### Exercise details
Each line of the records needs to be written out exactly, with any image left out.

### Source material
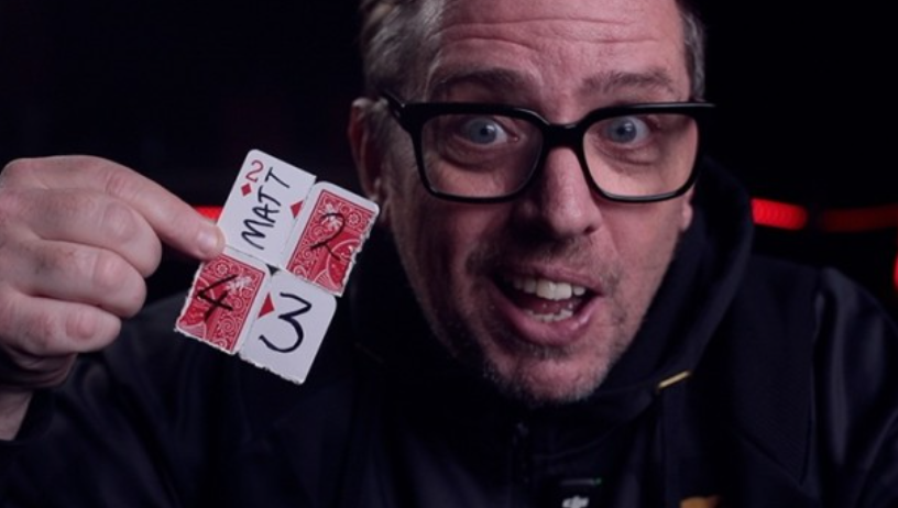 Without any complicated sleights , difficult palms or any other sneaky business outside of a basic magicians skill level the card instantly and visually joins back together in the most unexpected and impossible way. The card is a mismatched design front and back. The torn edges can been seen on the outside edges of the card. And all four signatures are STILL ON the card.
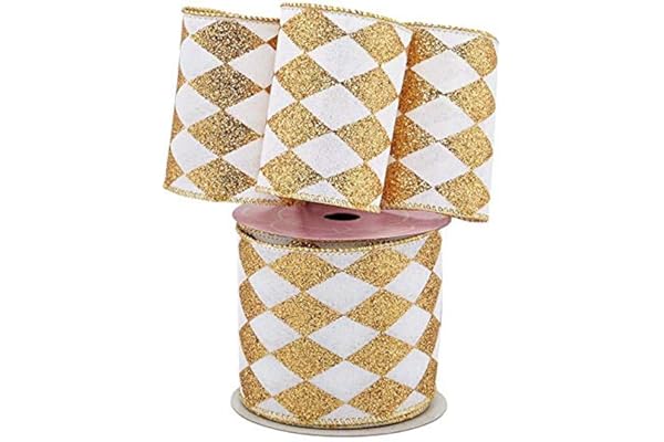 4" x 10 Yards, Argyle, Gold Wire Edged, Glitter, Christmas, Mardi Gras, Gift Wrapping, Wreath Decoration, Garland, Tree Topper Bow
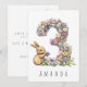 Gör en lillas 3-årsdag extra speciell med detta charmiga kort med en delikat akvarellillustration av siffran 3, vackert utformad av små, färgglada pastellfärgade blommor. En söt kanin står bredvid siffran och nosar lekfullt på blomman, vilket ger en touch av sötma och glädje till designen. Oavsett om du är förälder, mor- eller farförälder eller familjevän, är detta förtrollande kort säkert att ge en glad stund åt både barnet och dess nära och kära.
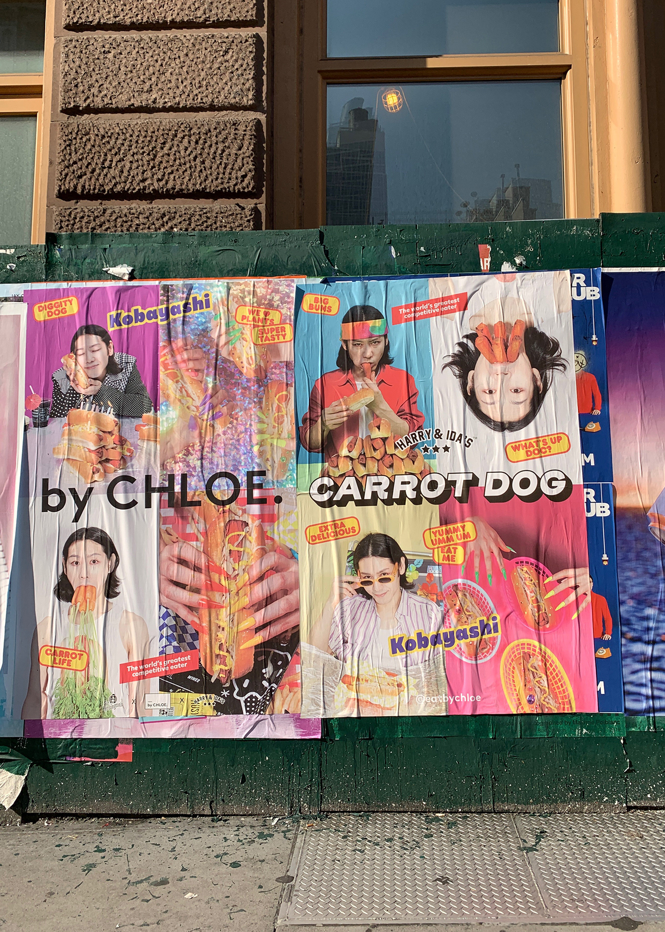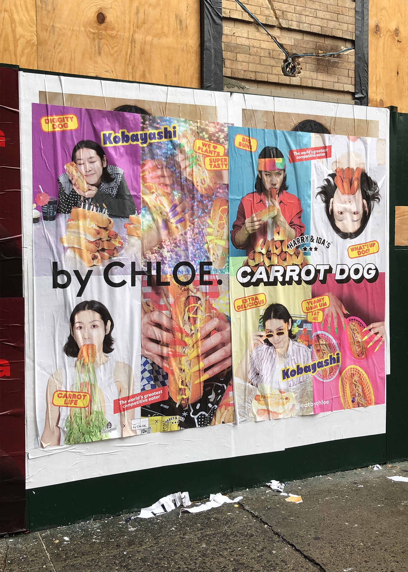 100% Vegan carrot hot dog campaign featuring six-time champion of Nathan's Hot Dog Eating Contest, Kobayashi. [my role: art direction & design]
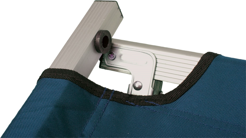 Kangas: kvaliteetne ja tugev 600D polüester. Raam kaetud PVC kattega, vastupidavad kolm tugijalga on poleeritud alumiiniumist; mõõdud: 189 x 64 x 42 cm. Kandevõime max. 120 kg.
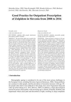 Jelenc, Marjetka, Kostnapfel, Tatja, Gabrovec, Branko, Lovrečič, Barbara, Korošec, Aleš, Lovrečič, Mercedes (2017). Good practice for outpatient prescription of zolpidem in Slovenia from 2008 to 2016.
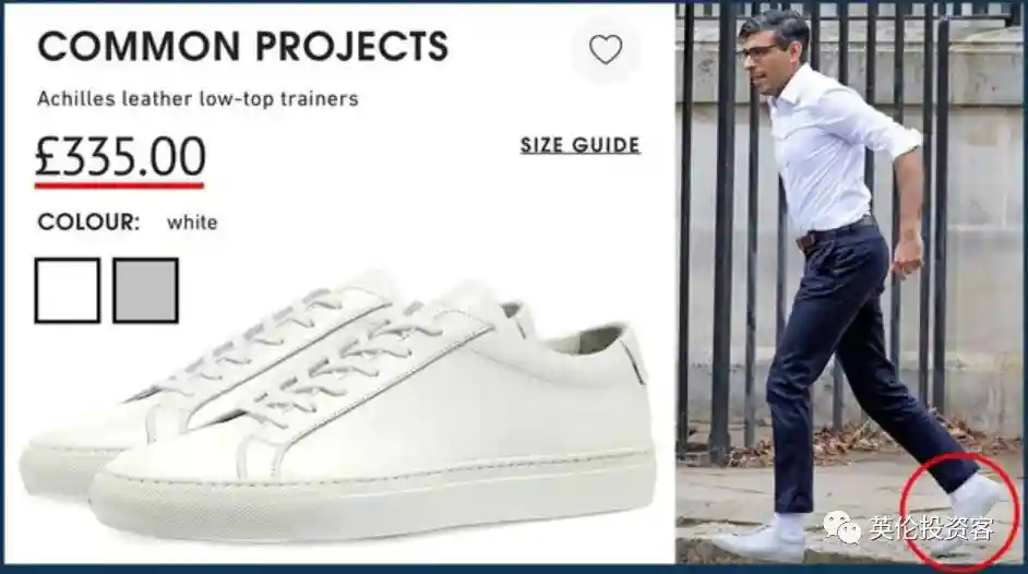 在2022年夏天的保守党党魁拉票活动中,他曾穿着Prada乐福鞋(450英镑)和前卫品牌CommonProjects的白色运动鞋(355英镑),设计也并不起眼。
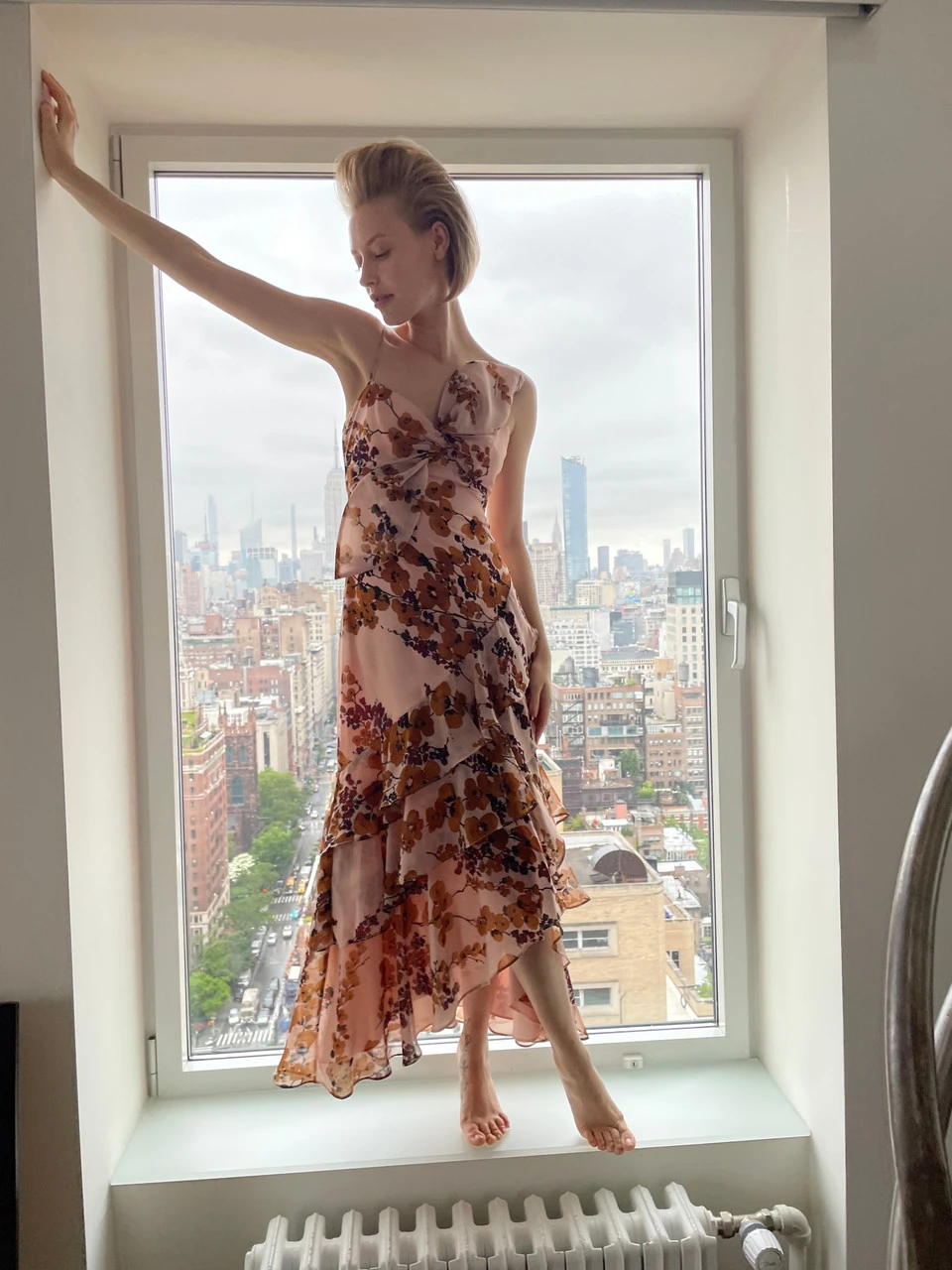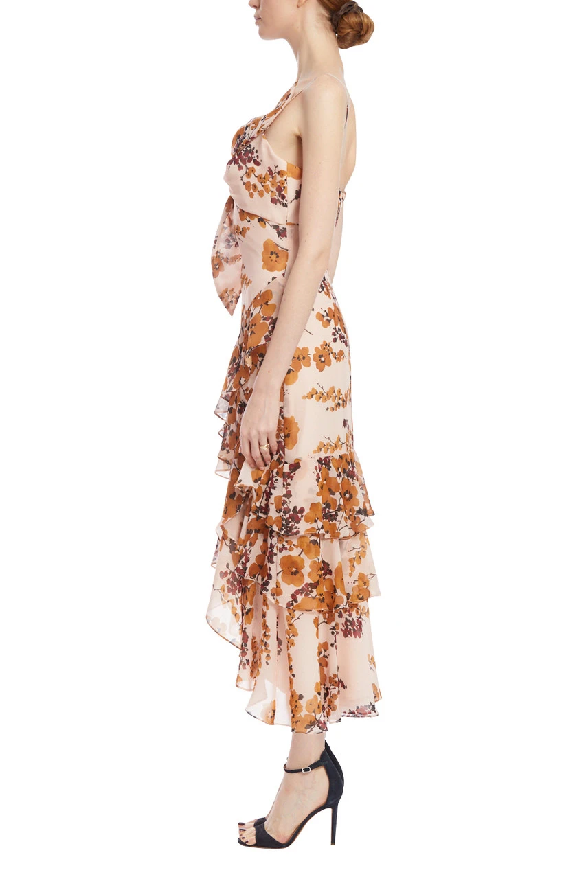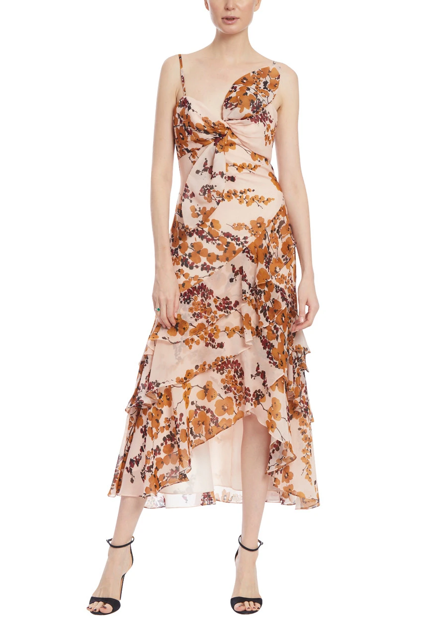 Sienna orange flowers adorn this beautifully cut dress, with spaghetti straps, a tiered skirt, and an asymmetrical bodice, twisted to create the shape of a bow. Feminine and sophisticated, this look will be a favorite this season.

### Answer space
 Without any complicated sleights , difficult palms or any other sneaky business outside of a basic magicians skill level the card instantly and visually joins back together in the most unexpected and impossible way. The card is a mismatched design front and back. The torn edges can been seen on the outside edges of the card. And all four signatures are STILL ON the card.
 4" x 10 Yards, Argyle, Gold Wire Edged, Glitter, Christmas, Mardi Gras, Gift Wrapping, Wreath Decoration, Garland, Tree Topper Bow
 Gör en lillas 3-årsdag extra speciell med detta charmiga kort med en delikat akvarellillustration av siffran 3, vackert utformad av små, färgglada pastellfärgade blommor. En söt kanin står bredvid siffran och nosar lekfullt på blomman, vilket ger en touch av sötma och glädje till designen. Oavsett om du är förälder, mor- eller farförälder eller familjevän, är detta förtrollande kort säkert att ge en glad stund åt både barnet och dess nära och kära.
 100% Vegan carrot hot dog campaign featuring six-time champion of Nathan's Hot Dog Eating Contest, Kobayashi. [my role: art direction & design]
 Kangas: kvaliteetne ja tugev 600D polüester. Raam kaetud PVC kattega, vastupidavad kolm tugijalga on poleeritud alumiiniumist; mõõdud: 189 x 64 x 42 cm. Kandevõime max. 120 kg.
 Jelenc, Marjetka, Kostnapfel, Tatja, Gabrovec, Branko, Lovrečič, Barbara, Korošec, Aleš, Lovrečič, Mercedes (2017). Good practice for outpatient prescription of zolpidem in Slovenia from 2008 to 2016.
 在2022年夏天的保守党党魁拉票活动中,他曾穿着Prada乐福鞋(450英镑)和前卫品牌CommonProjects的白色运动鞋(355英镑),设计也并不起眼。
 Sienna orange flowers adorn this beautifully cut dress, with spaghetti straps, a tiered skirt, and an asymmetrical bodice, twisted to create the shape of a bow. Feminine and sophisticated, this look will be a favorite this season.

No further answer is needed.